The Editing Process

This is the first in a series of posts I will explore my writing style and process, for a few different reasons. I hope by writing out my process in some detail I can identify areas where I can improve, have something to look back on when I’ve written more stories and novels, and hopefully help others gain insight into different areas of the writing process. I would also love to hear feedback from other writers no matter how far along you may be in your career or hobby. We are going to start toward the mid-point of the novel-writing process, which is where I find myself at right now. I’m writing a book I’m calling Bottom Feeders, which is about the Crabs Motorcycle Club, a group of misfits and losers fallen from grace and at the bottom of the shitheap, doing jobs for a larger club, the Devil’s Faithful MC, just to get by. It’s a mixture of crime, humour, and action and sitting at 85,000 words at the completion of the first draft. I’ll get to how I wrote it in a future post (it involved a lot of cheap notebooks and pens) but for now I’ll focus on the editing.
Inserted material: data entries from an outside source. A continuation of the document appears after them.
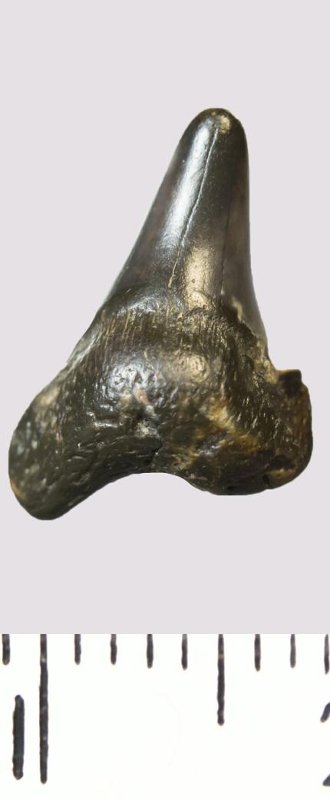 Зуб. Акула. Odontaspis macrorhiza (Cope) Leriche, 1902. Классификация: Хордовые Chordata, Позвоночные Vertebrata, Хрящевые рыбы Chondrichthyes, Пластиножаберные Elasmobranchii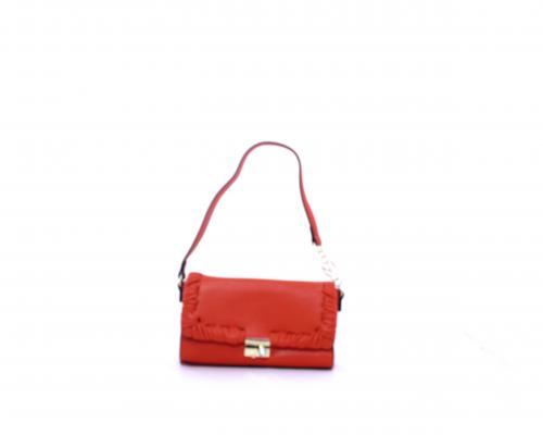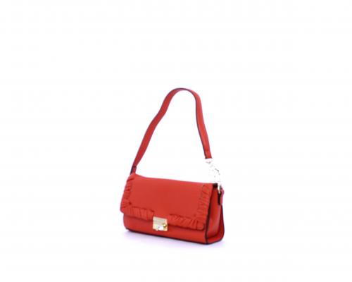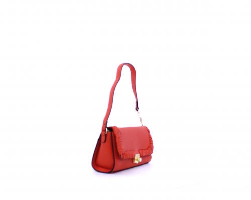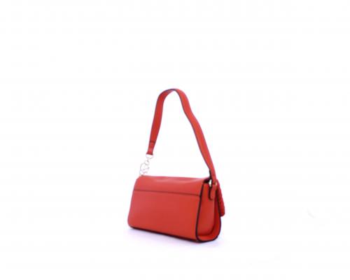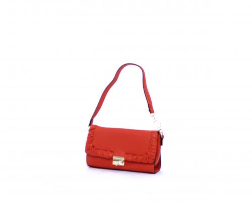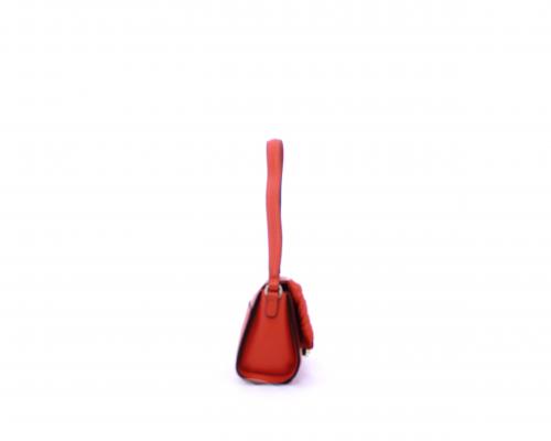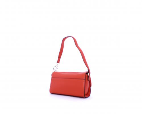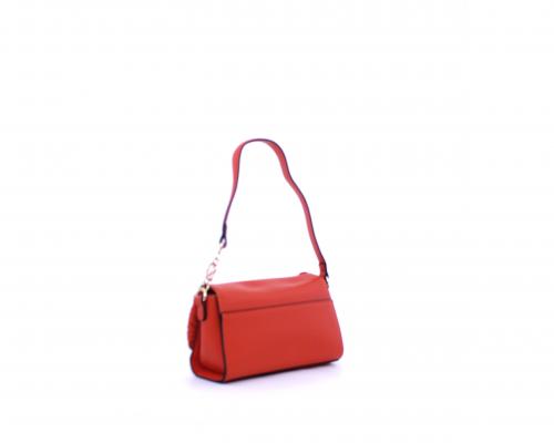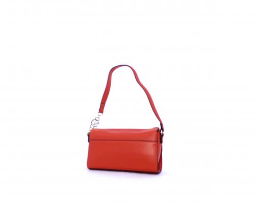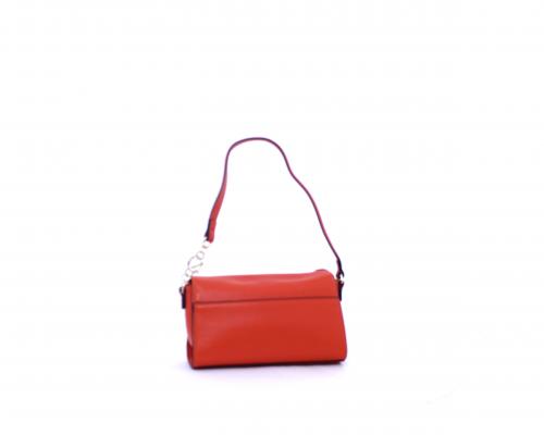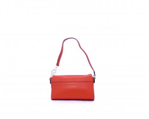 Borsa monospalla con possibilità di aggiungere la tracolla in pelle regolabile, chiusura con zip ribalta chiusa a scatto, interno in tessuto con due taschini uno chiuso con la zip e un taschino aperto.
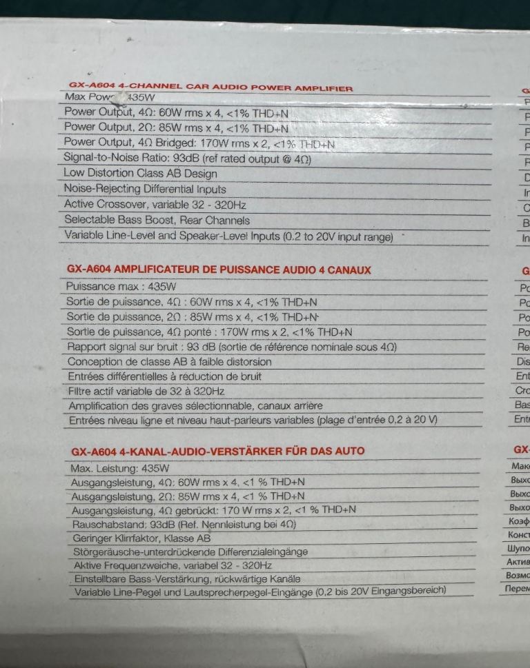 Amplifier Power (RMS) 4 ohm... 60W x 4, <1% THD+N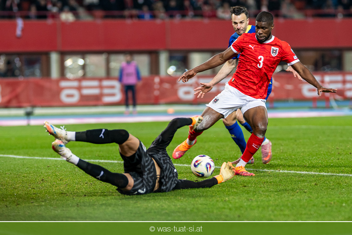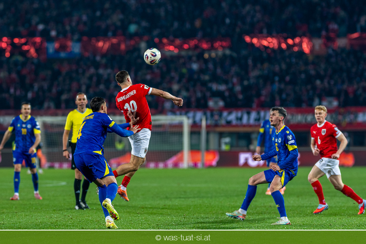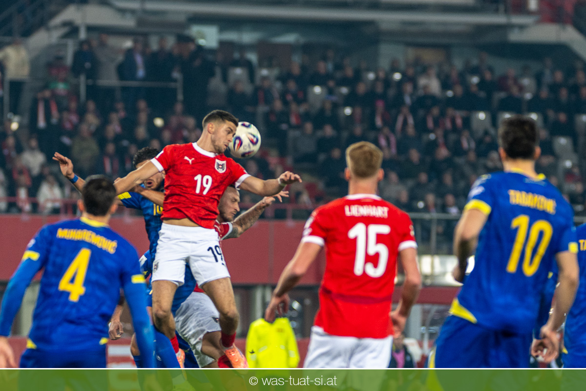 Das ÖFB-Team startet engagiert in die Partie. Den ersten Torabschluss gibt es in Minute sieben zu verzeichnen, Patrick Wimmer schießt nach einer Mwene-Flanke von links drüber. Der Mainz-Legionär ist auch Initiator der nächsten Möglichkeit. Seine Flanke findet am Fünfmeterraum Christoph Baumgartner, der den Kopfball nicht auf das Tor bringt (9.).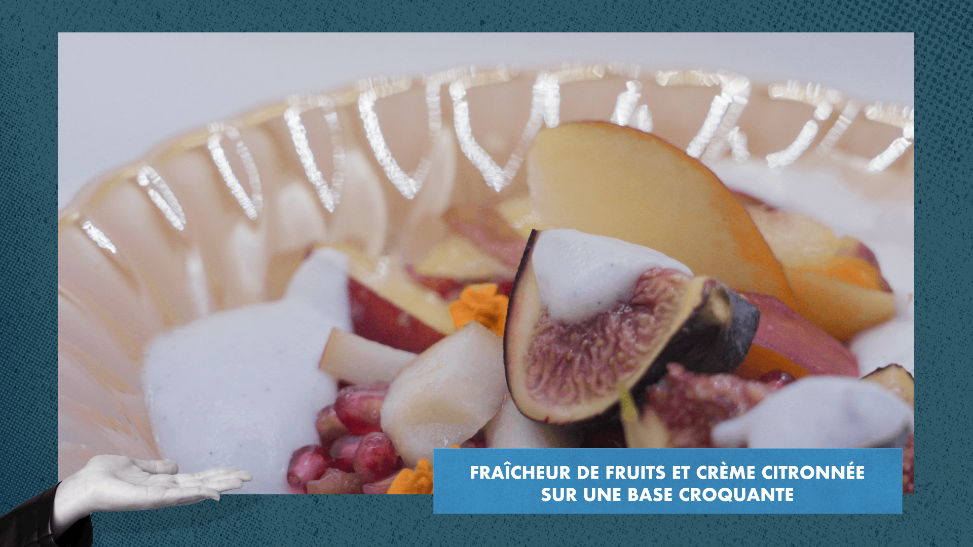 Fraîcheur de fruits et crème citronnée sur une base croquante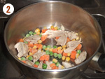 2: | フライパンにオリーブ油を熱し、鶏こま切れ肉とミックスベジタブルを炒める。 | |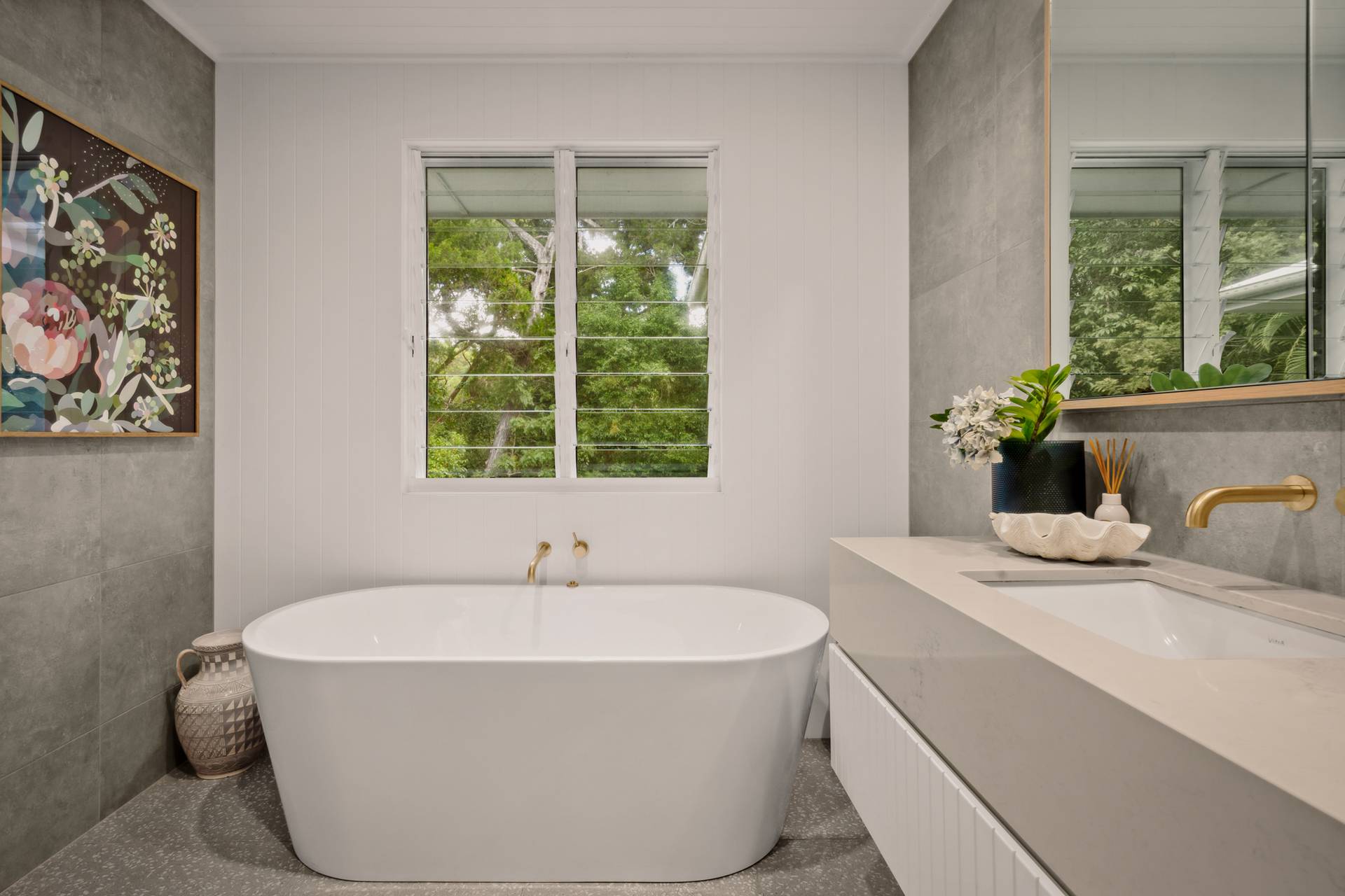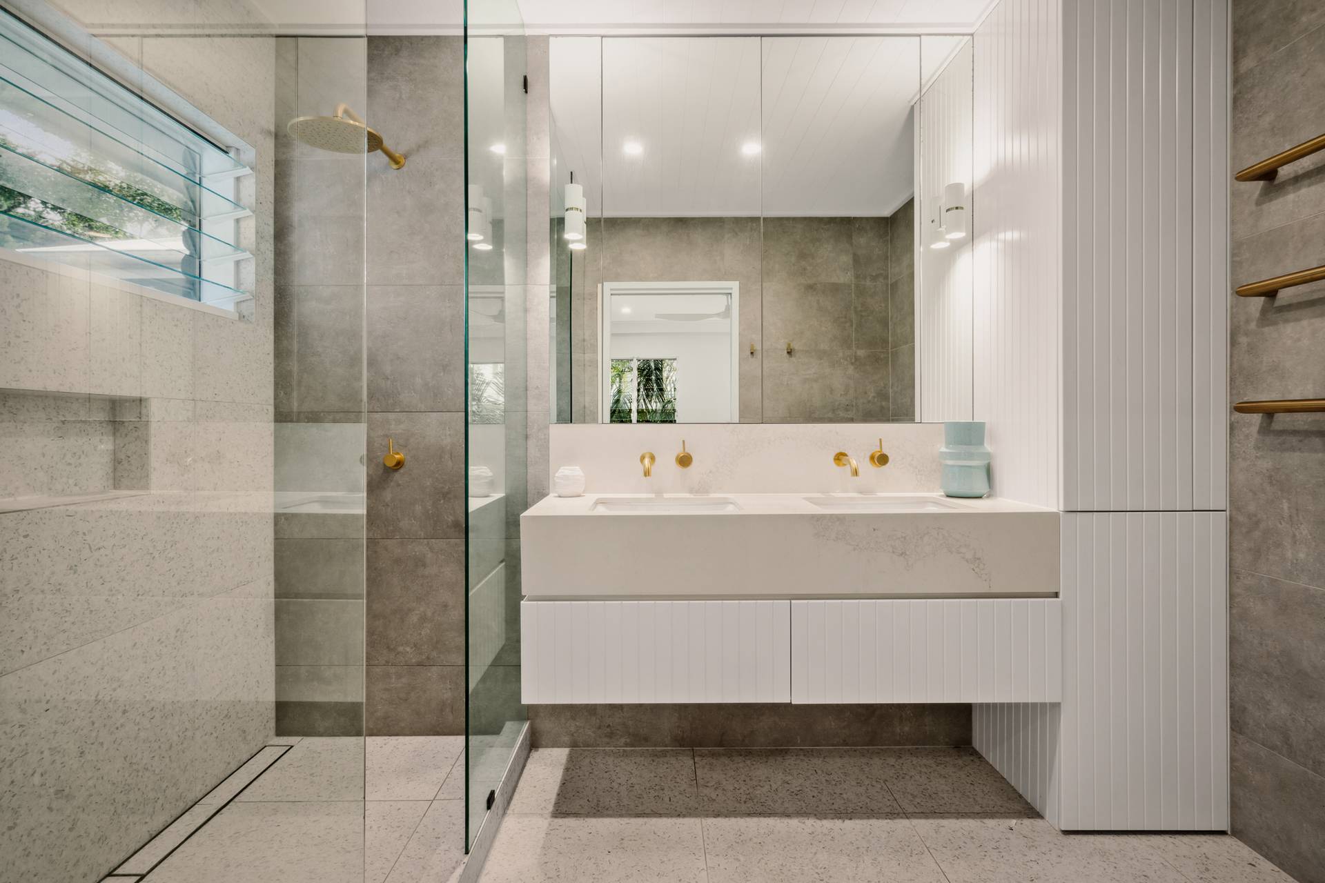 Louvres, sliding stacker timber doors, linen curtains and blinds

Like a lot of writers (and authors, I won’t call myself that until I’m published), I procrastinated a lot before I started editing. I finished my novel I think in January of 2017, and I did not begin to edit it until June. The general advice “they” give is to leave your manuscript at least a few weeks before you start to edit it so you can see it with fresh eyes. Stephen King, one of the authors I admire most, had this to say about how long to wait in his memoir and craft-book On Writing.

How long you let your book rest—sort of like bread dough between kneadings—is entirely up to you, but I think it should be a minimum of six weeks. During this time your manuscript will be safely shut away in a desk drawer, aging and (one hopes) mellowing.

Incidentally, if you haven’t read On Writing and you are serious about writing, you are doing yourself a disservice. It will make you laugh and cry, and light a fire under your ass that will get you typing and scrawling like nothing else. So, back to the editing. I waited around eighteen weeks, more than enough. Long enough that I started to get embarrassed at my procrastination, as friends who knew about my weird little hobby asked now and then whether I’d gotten around to editing my book so they could read it. So I hauled myself down to Officeworks with a copy of my Word document and got printing. It cost around twenty dollars to print the 269 A4 manuscript pages, so around the price of a novel nowadays. What I got though was more like the pulp equivalent of a lump of clay; it has the potential to become a beautiful Hellenic vase but more closely resembled a “bowl” that one makes in pre-school for mother’s day.

This is the first time I’ve ever done something like this. Blog posts and short essays and stories I’ve written in the past I haven’t really bothered to edit. My thought process was maybe that I didn’t need it for blog posts, even though it would surely help me get my message across clearer. For some tiny technical blog posts there isn’t much point, especially when they are less than five hundred words and a large chunk of the post is code. A novel is a completely different beast though. From the moment I began it, though I wasn’t sure I would finish it, I knew that someday I would need to edit it. And now that day has come I am doing the best I can. So, I don’t really have much of a plan, mainly a vague idea of what editing is supposed to involve and some initial thoughts on character revisions and plot hole fixes that I hope will carry me through until I get a better grasp on it.

I’m going through my manuscript one page at a time with pen in hand. I’m making line edits and spelling fixes (though thankfully there are not many of those) and improving continuity in my very early chapters. It will be interesting to see how my writing style has evolved as I get further through the novel, as I know it has, and it is sometimes painfully obvious to see what author I was reading while I was writing. Though I suppose that is another goal of editing; to take a babble of different voices and equalize them into your own, thus forming your own distinct voice as a writer.

I’m approaching the editing how I approached the writing in the first place. I will get so many pages edited by hand, say twenty or so, then go and put those changes into the computer. I get paranoid when I’ve written too much on paper that has not been put into the computer. In some cases I’m scrapping complete paragraphs and writing new story and dialogue to get around plot holes and inconsistencies, and taking note of anything that may need to change in later chapters as well. It’s interesting to find that some pages haven’t got many edits at all, where others are completely covered with pen.

All in all it is going well so far, though editing feels a lot more like work than the original writing did. I dread the time when I will come to a part of the book that I love the sound of yet which doesn’t fit the narrative or do anything useful, where I will be forced to “kill my darlings”. I’m excited to show my book to other people close to me once the second draft is done, and to further improve the work after I get feedback from them. And I’m sure I will look back on this post, mutter “Oh you sweet summer child”, and shake my head at my own naivety and inexperience at the end of all this.